A lump of coal for the BMC
| “They are not interested in health care for poor people like us.” |
Christmas is the season for joy and generosity, but Scrooge is an ever-menacing presence lurking in the shadows. Charles Dickens’ famed story “A Christmas Carol” has taught us that Scrooge’s victims are most assuredly society’s poor and powerless.
In Dickens’ 19th century England, old Scrooge stepped forward and did his dirty work himself. Matters are a bit more sophisticated 200 years later. Scrooge can now take refuge beneath the golden dome of the State House and assign his henchmen (or women) to carry out his nefarious schemes.
Fortunately for Scrooge, some of his acolytes seem to revel in their unpleasant tasks; fortunately for them, the state budget crisis has created multiple opportunities to be abusive. Dr. JudyAnn Bigby, the secretary of health and human services, has been inspired to take this opportunity to dismantle the state’s safety net hospitals. She seems to have adopted the motto, “Never let a crisis go to waste.”
The problem is that the nationally touted universal health insurance plan in Massachusetts is beginning to disintegrate under financial pressure. The funds provided were never adequate, and additional cutbacks threaten to cause the whole system to collapse. Now comes Secretary Bigby to the rescue.
Her first step was to refuse to pay Boston Medical Center (BMC) $64 million for health care provided last year to low-income patients. According to an agreement with the state, these funds are always paid retroactively. Because of that binding agreement, Bigby will likely be unsuccessful in her efforts.
Not to be undone in her Scrooge-like duties, the secretary has also proposed $114 million in budget cuts for next year. This is an obvious attempt to make it impossible for the staff at BMC to achieve its objective of “exceptional care without exception.” Perhaps Bigby has a sinister wish for the quality of care at BMC to erode, so patients would go elsewhere and the cost of treating low-income individuals would be more widely distributed.
The financial problem at safety net hospitals is easy to understand, and very easy for some to ignore because it involves the poor — a prime target of Scrooge tactics. At BMC, 51 percent of the patients have low incomes and 31 percent are on Medicaid.
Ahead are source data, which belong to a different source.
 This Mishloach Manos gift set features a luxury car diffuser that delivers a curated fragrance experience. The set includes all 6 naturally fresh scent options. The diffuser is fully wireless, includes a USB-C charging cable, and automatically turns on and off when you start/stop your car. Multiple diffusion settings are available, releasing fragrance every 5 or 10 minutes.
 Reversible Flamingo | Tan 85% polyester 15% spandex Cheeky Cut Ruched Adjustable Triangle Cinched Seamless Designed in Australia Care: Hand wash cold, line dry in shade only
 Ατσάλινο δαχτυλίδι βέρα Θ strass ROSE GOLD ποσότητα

The problem with Medicaid is that hospitals are paid only 64 percent of the cost of the medical care. In the more financially stable past, government supplemental payments made up the difference.
In other university teaching hospitals, only between 7 percent and 11 percent of the patients are on Medicaid. The normal reimbursement for medical care by health insurance is 105 percent of costs, or more in some cases. So there is a built-in cushion in the payment system to accommodate a modest number of Medicaid patients.
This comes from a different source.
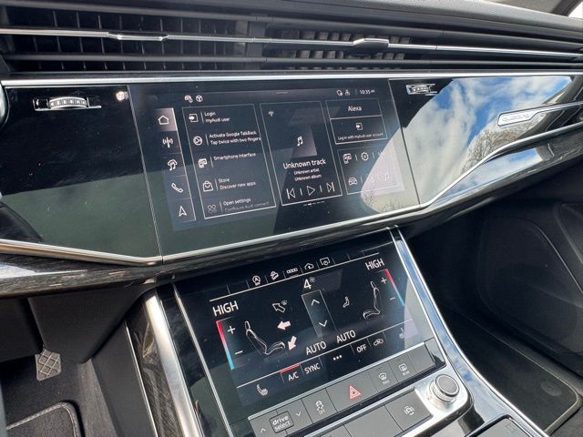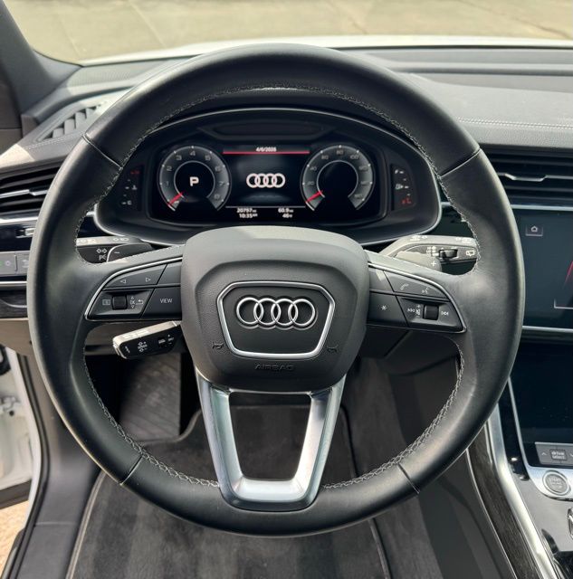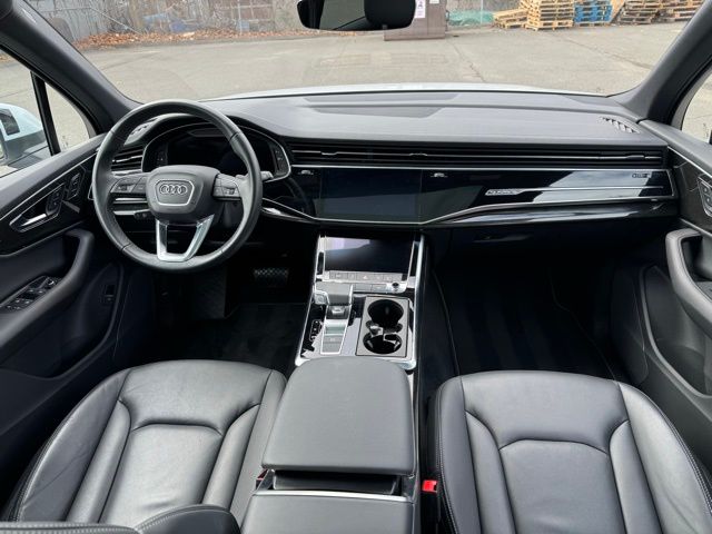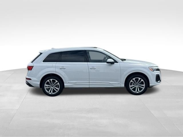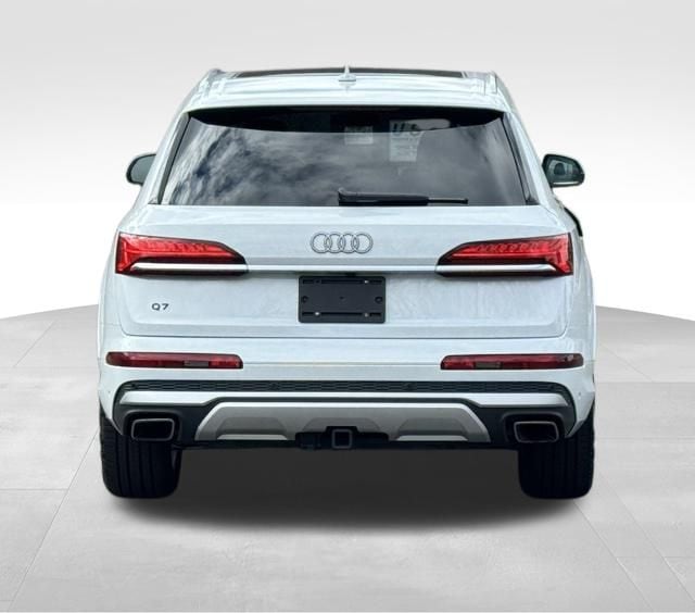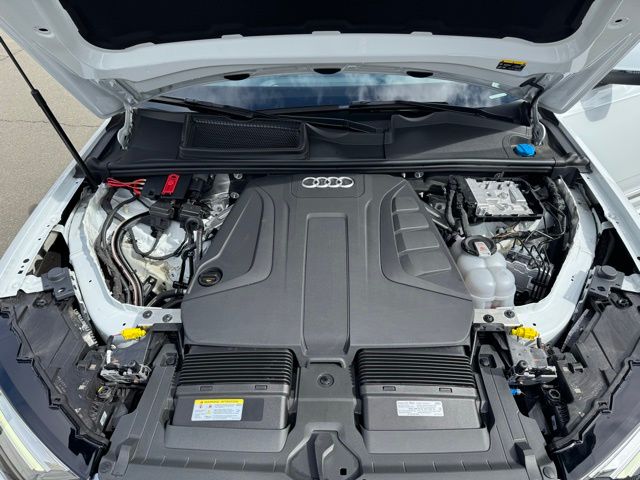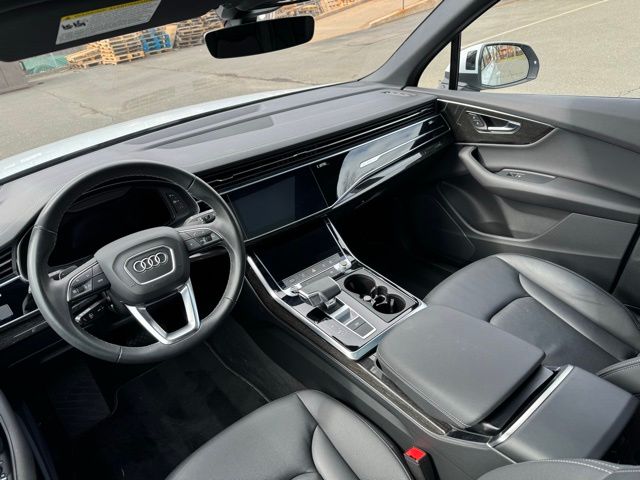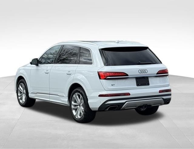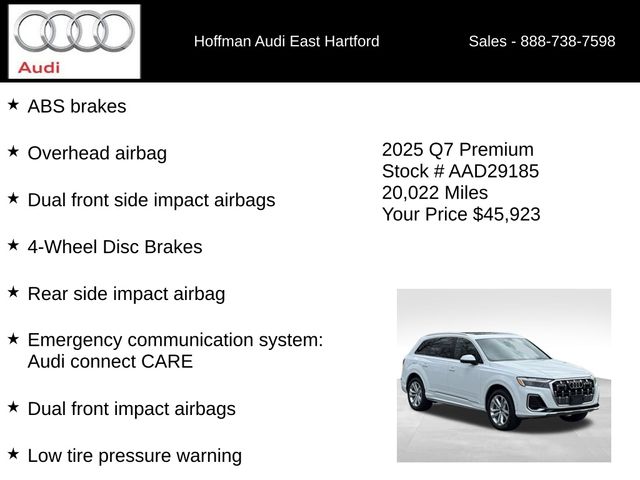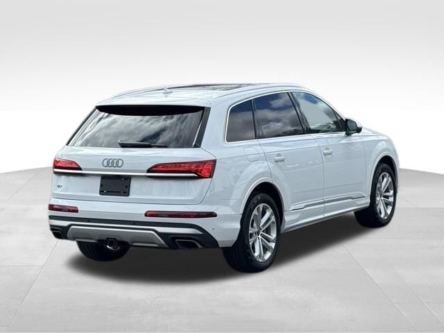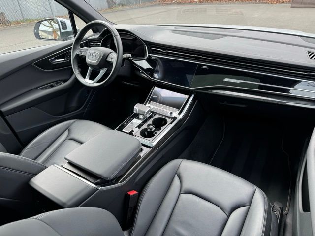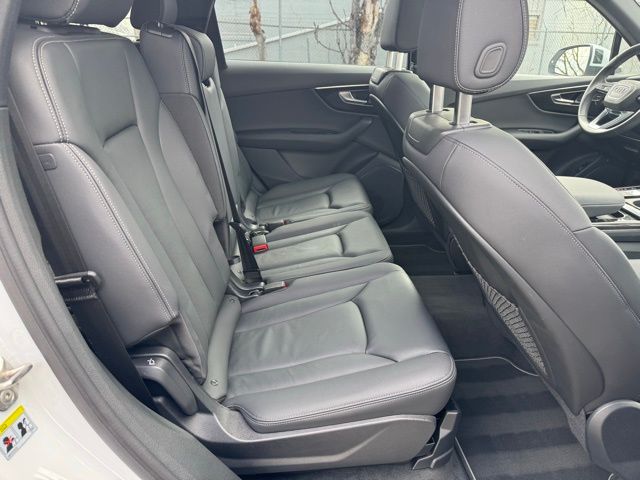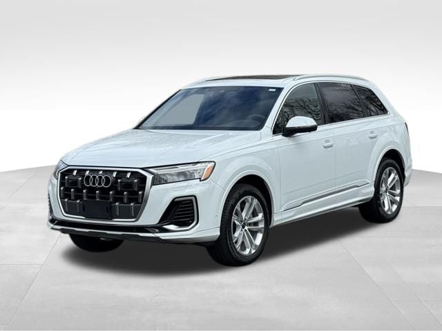 ONE OWNER, CLEAN CARFAX...NO ACCIDENTS, SUNROOF MOONROOF, REMAINDER OF FACTORY WARRANTY, INCLUDES WARRANTY, 6 MONTHS/6000 MILES POWERTRAIN WARRANTY, 10 Speakers, 3rd row seats: bench, 4-Wheel Disc Brakes, 7-Pin Adapter, ABS brakes, Air Conditioning, Alloy wheels, AM/FM radio: SiriusXM w/360L, Audi Beam Rings, Audi Guard Protection Kit, Auto High-beam Headlights, Auto-dimming door mirrors, Auto-dimming Rear-View mirror, Automatic temperature control, Brake assist, Bumpers: body-color, Compass, Convenience Package, Delay-off headlights, Driver door bin, Driver vanity mirror, Dual front impact airbags, Dual front side impact airbags, Electronic Stability Control, Emergency communication system: Audi connect CARE, Exterior Parking Camera Rear, Four wheel independent suspension, Front anti-roll bar, Front Bucket Seats, Front Center Armrest, Front dual zone A/C, Front fog lights, Front reading lights, Fully automatic headlights, Garage door transmitter: HomeLink, Genuine wood door panel insert, Heated door mirrors, Heated Front Bucket Seats, Heated front seats, Heated Steering Wheel, Illuminated entry, Leather Seating Surfaces, Leather Shift Knob, Leather steering wheel, Low tire pressure warning, Memory seat, Navigation system: Audi MMI Navigation plus with Touch Response, Occupant sensing airbag, Outside temperature display, Overhead airbag, Overhead console, Panic alarm, Passenger door bin, Passenger vanity mirror, Power door mirrors, Power driver seat, Power Liftgate, Power moonroof: Panoramic, Power passenger seat, Power steering, Power windows, Privacy Trunk Cover, Radio data system, Radio: Audi Sound System, Rain sensing wipers, Rear air conditioning, Rear anti-roll bar, Rear fog lights, Rear reading lights, Rear seat center armrest, Rear side impact airbag, Rear window defroster, Rear window wiper, Reclining 3rd row seat, Remote keyless entry, Security system, Speed control, Speed-sensing steering, Split folding rear seat, Spoiler, Steering wheel memory, Steering wheel mounted audio controls, Tachometer, Telescoping steering wheel, Tilt steering wheel, Top View Camera System, Traction control, Trailer Hitch, Trip computer, Turn signal indicator mirrors, Variably intermittent wipers, Wheels: 19" 5-Arm-Star Design, Wheels: 20" 5-Double-Spoke, Wireless Phone Charging Pad. CARFAX One-Owner. Glacier White 2025 Audi Q7 45 Premium quattro quattro 8-Speed Automatic with Tiptronic 2.0L 4-Cylinder TFSI

Another problem at safety net hospitals is that patients miss about 30 percent of their appointments, a rate 50 percent higher than other hospitals. This is because low-income patients are often hourly workers who cannot always get time off, or have transportation problems or family emergencies. Missed appointments are a lost revenue-earning opportunity for hospitals.
Rather than degrading the care at BMC for lack of funds, a better approach that is more consistent with the Christmas spirit is to require hospitals to pay a stipulated sum into a fund if they did not treat a required number of Medicaid patients. That money would then be distributed to the safety net hospitals. This sounds like déjà vu, but it is more in the Christmas spirit.
Such a simple plan could possibly bring a seasonally appropriate smile to Scrooge’s countenance. But it would probably not please Secretary Bigby.